Exercise data
▽
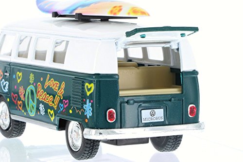 Kinsmart Volkswagen Classic Bus con tavola da surf & Hippy Flower Power Decor colore verde scala 1:32 modellino auto
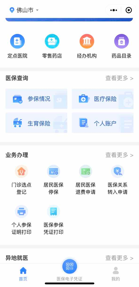 登录广东省政务服务网(http://www.gdzwfw.gov.cn)→个人服务→按部门分类→佛山市社会保险基金管理局→基本医疗保险关系转移接续→出具《参保凭证》→在线办理→上传相关资料。
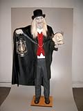 | ✚✚✚ Scaretaker Animated Prop Here is the evil Scaretaker life size prop. His whole body shakes and wobbles while glaring at you as his jaw moves up and down. The jaw of the head he is holding moves up and down as well. Lantern is powered by two AA batteries not included. Just plug his 9V, ul approved adapter into a wall outlet and watch him go. Hand painted and stands approx 5 1/2 feet tall.
△
Write out exactly the lines above, from the very first through the line containing "登录广东省政务服务网(htt", both kept, with the pictures removed.

 Kinsmart Volkswagen Classic Bus con tavola da surf & Hippy Flower Power Decor colore verde scala 1:32 modellino auto
 登录广东省政务服务网(http://www.gdzwfw.gov.cn)→个人服务→按部门分类→佛山市社会保险基金管理局→基本医疗保险关系转移接续→出具《参保凭证》→在线办理→上传相关资料。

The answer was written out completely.